昔あるところに、貧しい木こりがいました。木こりは、朝早くから夜遅くまで働いて、いくらかお金がたまると、息子に「このお金をつかって、勉強しておいで。なにかをちゃんと学んで、わしが年をとっても、しっかりと暮らしができるようにしておくれ」といいました。そこで息子は、町の学校に入りました。いっしょうけんめい勉強したため、先生にほめられるほどでした。ところが、いくつかの教科を修めないうちに、木こりの貯めたお金がなくなってしまったため、家に帰るよりほかありませんでした。

息子は、父親の手伝いをしようとしましたが、斧(おの)が一つしかありません。しかたなく、となりの家からしばらく斧を借りることにしました。翌日、息子は父親の手伝いをして、きびきび働きました。やがて昼になり、いっしょに昼食を食べようと、父親はパンを息子に渡しました。ところが息子は、「鳥の巣でも探してくるよ」といって、パンを食べながら森の中へ入っていきました。
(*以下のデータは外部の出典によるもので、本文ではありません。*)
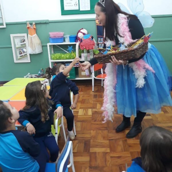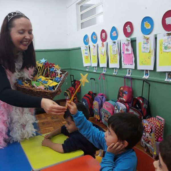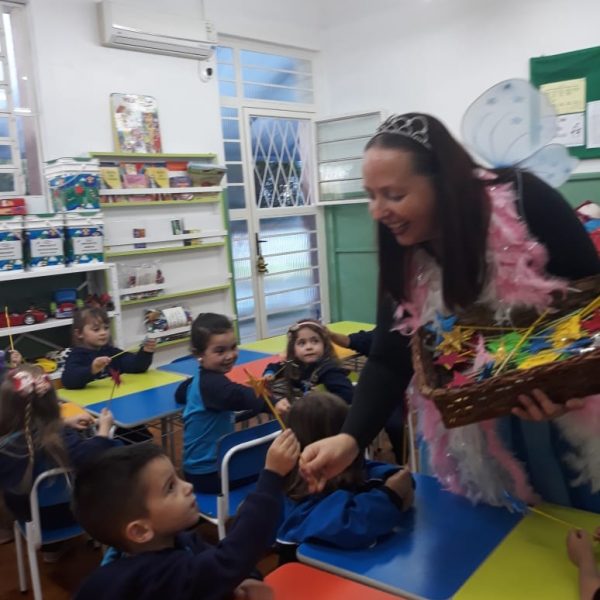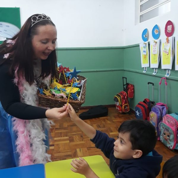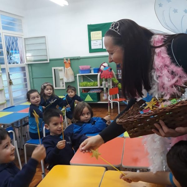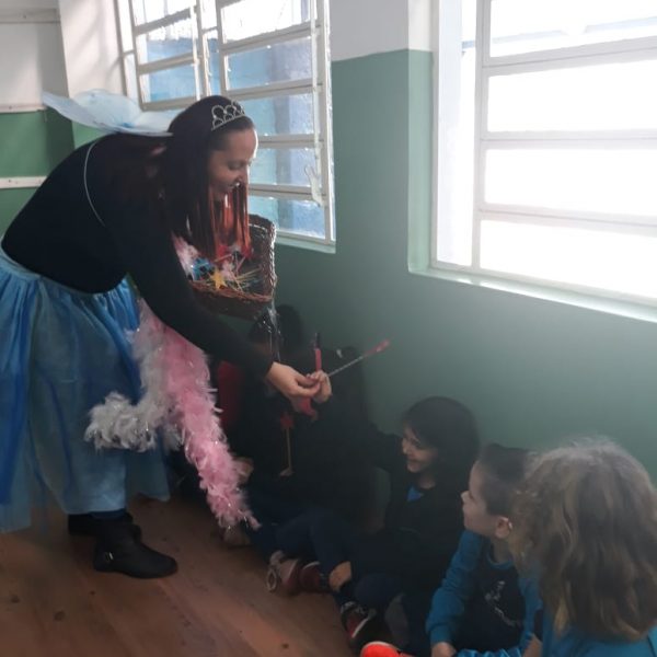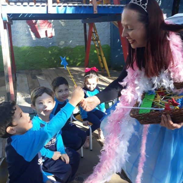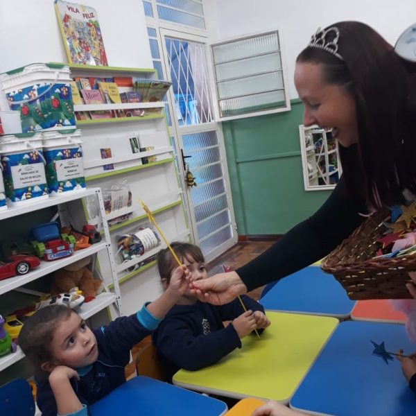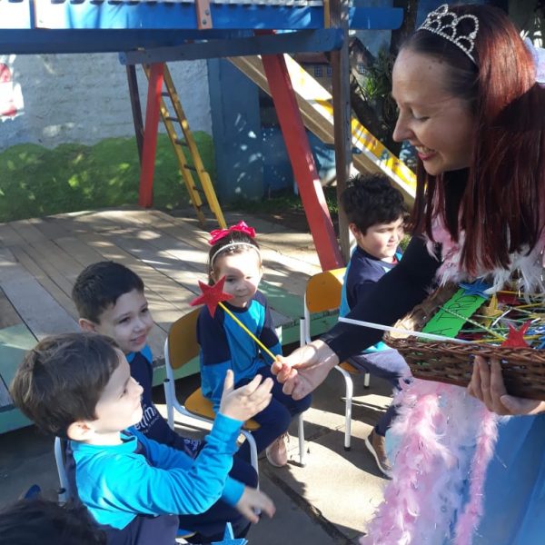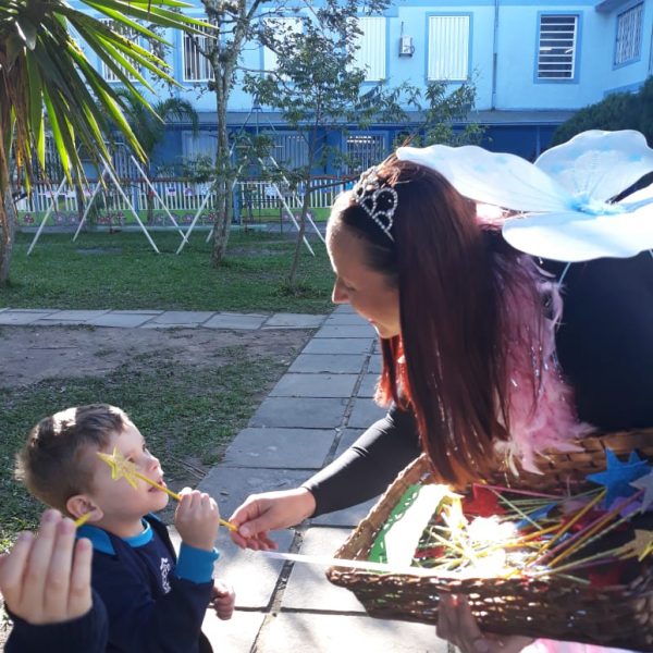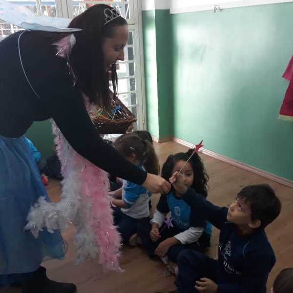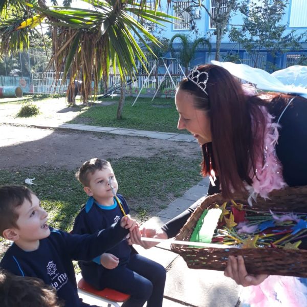 As turmas de Educação Infantil receberam uma visita muito especial, lá do Reino Encantado: a Rainha das Fadas! Ela veio com uma missão muito especial: espalhar as palavras mágicas por todas as turmas. Cada turma recebeu a tarefa de descobrir como e quando devem usar cada palavra recebida. Após, as crianças ganharam varinhas mágicas para guardarem este momento no coração.
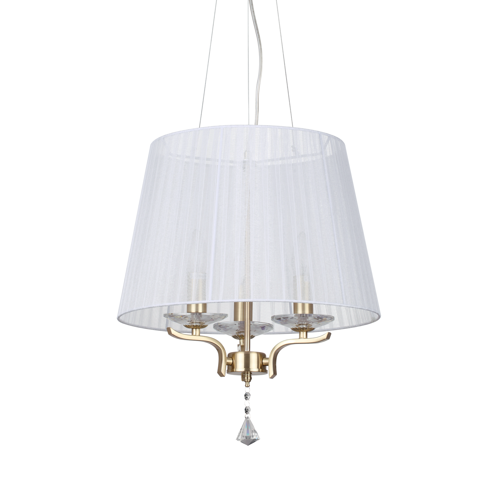 Lampa wisząca z mosiężnym stelażem z kryształkiem abażur biały z plisowanej tkaniny Ideal Lux 197715 Pegaso 3xE14 40cm x 260cm
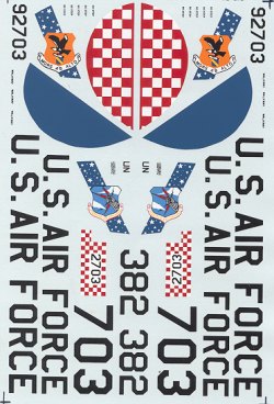 The other aircraft is a B-36H from the 7th BW and has a blue fin tip and blue jet engine pod intakes. The instructions state that this plane has the anti-flash white undersides to the fuselage and the horizontal stabs.
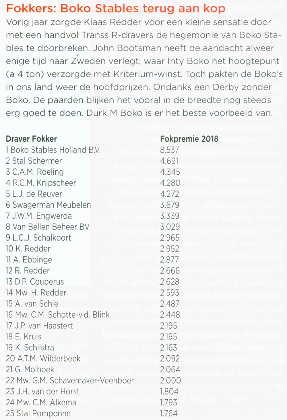 Bij de fokkers werd BOKO-stables voor de tiende keer kampioen, met als tweede

あちこち歩きまわっているうち、とても大きなカシの木の下にやってきました。すると、どこからかくぐもった声が聞こえてきました。「出しておくれ、出しておくれ」といっているようです。「どこにいるんだ」と大声をあげると、「木の根っこにはさまってるんだ。出しておくれ!」という声がします。しばらくあたりを探すうち、ガラスびんが、小さなほらあなの中にはさまっているのを見つけました。びんの中では、カエルのようなものが、とびはねています。そこで息子は、びんのせんをあけると、中のものはぐんぐん大きくなりはじめました。大きなカシの半分ほどの大入道になったおばけは、「出してくれたお礼に、お前の首をへし折ってやるんだ」といいます。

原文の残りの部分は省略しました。